Objectives The purpose of this study was to use easily obtained and directly observable clinical features to establish predictive models to identify patients at increased risk of stroke.

Setting and participants A total of 46 240 valid records were obtained from 8 research centres and 14 communities in Jiangxi province, China, between February and September 2018.

Primary and secondary outcome measures The area under the receiver operating characteristic curve (AUC), sensitivity, specificity and accuracy were calculated to test the performance of the five models (logistic regression (LR), random forest (RF), decision tree (DT), extreme gradient boosting (XGBoost) and gradient boosting DT). The calibration curve was used to show calibration performance.

Results The results indicated that XGBoost (AUC: 0.924, accuracy: 0.873, sensitivity: 0.776, specificity: 0.916) and RF (AUC: 0.924, accuracy: 0.872, sensitivity: 0.778, specificity: 0.913) demonstrated excellent performance in predicting stroke. Physical inactivity, hypertension, meat-based diet and high salt intake were important prediction features of stroke.

Conclusion The five machine learning models all had good predictive and discriminatory performance for stroke. The performance of RF and XGBoost was slightly better than that of LR, which was easier to interpret and less prone to overfitting. This work provides a rapid and accurate tool for stroke risk assessment, which can help to improve the efficiency of stroke screening medical services and the management of high-risk groups.

  • stroke
  • epidemiology
  • statistics & research methods

Data availability statement

Data are available upon reasonable request. The data presented in this study are available upon request from the corresponding author. The data are not publicly available due to privacy concerns.

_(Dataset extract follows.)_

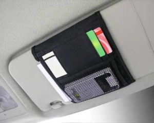 | 収納スペースをプラスする便利なハーフバイザー 小さなサンバイザーにも取付けられるハーフタイプ マジックベルト2本でしっかり固定 |

http://creativecommons.org/licenses/by-nc/4.0/

This is an open access article distributed in accordance with the Creative Commons Attribution Non Commercial (CC BY-NC 4.0) license, which permits others to distribute, remix, adapt, build upon this work non-commercially, and license their derivative works on different terms, provided the original work is properly cited, appropriate credit is given, any changes made indicated, and the use is non-commercial. See: http://creativecommons.org/licenses/by-nc/4.0/.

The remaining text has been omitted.